[RECORDS SHOWN Boundary: Start]

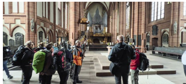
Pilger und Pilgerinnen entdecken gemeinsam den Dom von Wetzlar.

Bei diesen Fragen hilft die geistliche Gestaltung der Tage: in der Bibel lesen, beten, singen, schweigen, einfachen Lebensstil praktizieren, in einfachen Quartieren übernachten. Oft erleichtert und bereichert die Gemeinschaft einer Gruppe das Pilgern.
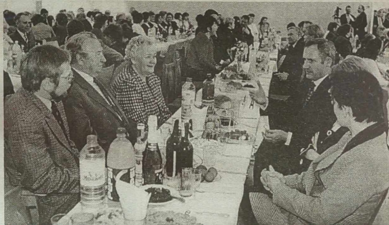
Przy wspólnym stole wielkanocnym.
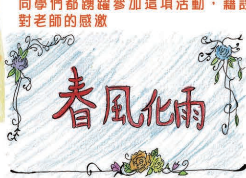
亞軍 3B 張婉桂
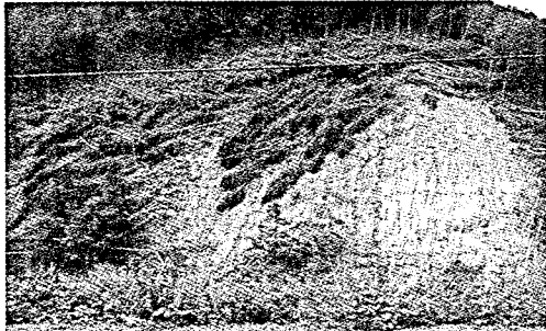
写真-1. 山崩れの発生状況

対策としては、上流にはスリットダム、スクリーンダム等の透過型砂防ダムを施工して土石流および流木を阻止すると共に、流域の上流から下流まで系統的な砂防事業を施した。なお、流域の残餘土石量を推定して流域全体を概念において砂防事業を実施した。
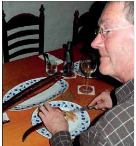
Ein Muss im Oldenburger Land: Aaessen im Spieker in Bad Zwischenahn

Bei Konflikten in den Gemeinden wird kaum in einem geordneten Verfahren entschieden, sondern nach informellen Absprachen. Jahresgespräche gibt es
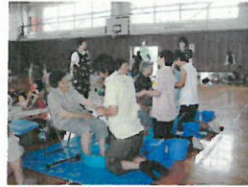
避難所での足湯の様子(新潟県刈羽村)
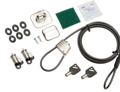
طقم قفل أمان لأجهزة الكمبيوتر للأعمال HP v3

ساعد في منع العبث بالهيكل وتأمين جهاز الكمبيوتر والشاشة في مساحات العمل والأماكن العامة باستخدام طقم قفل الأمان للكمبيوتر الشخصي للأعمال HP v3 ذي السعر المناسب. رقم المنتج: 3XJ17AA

[RECORDS SHOWN Boundary: End]
[RECORDS SHOWN Boundary: Start]

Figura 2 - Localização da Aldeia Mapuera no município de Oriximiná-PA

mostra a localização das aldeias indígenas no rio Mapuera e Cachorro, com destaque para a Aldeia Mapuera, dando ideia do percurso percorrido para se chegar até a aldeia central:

[RECORDS SHOWN Boundary: End]
[RECORDS SHOWN Boundary: Start]

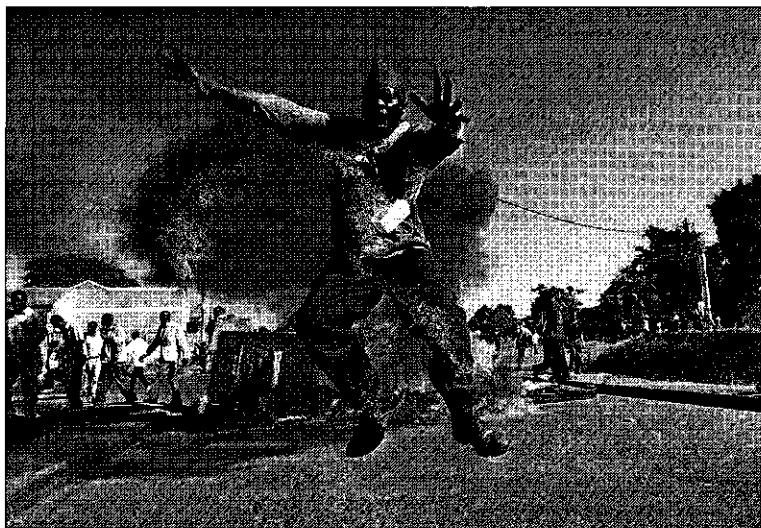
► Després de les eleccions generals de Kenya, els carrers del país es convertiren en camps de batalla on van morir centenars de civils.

[RECORDS SHOWN Boundary: End]

In the entries above, which lines hold the string "الكمبيوتر"? Report all of them.

* THE COMPLETED TASK *
طقم قفل أمان لأجهزة الكمبيوتر للأعمال HP v3
ساعد في منع العبث بالهيكل وتأمين جهاز الكمبيوتر والشاشة في مساحات العمل والأماكن العامة باستخدام طقم قفل الأمان للكمبيوتر الشخصي للأعمال HP v3 ذي السعر المناسب. رقم المنتج: 3XJ17AA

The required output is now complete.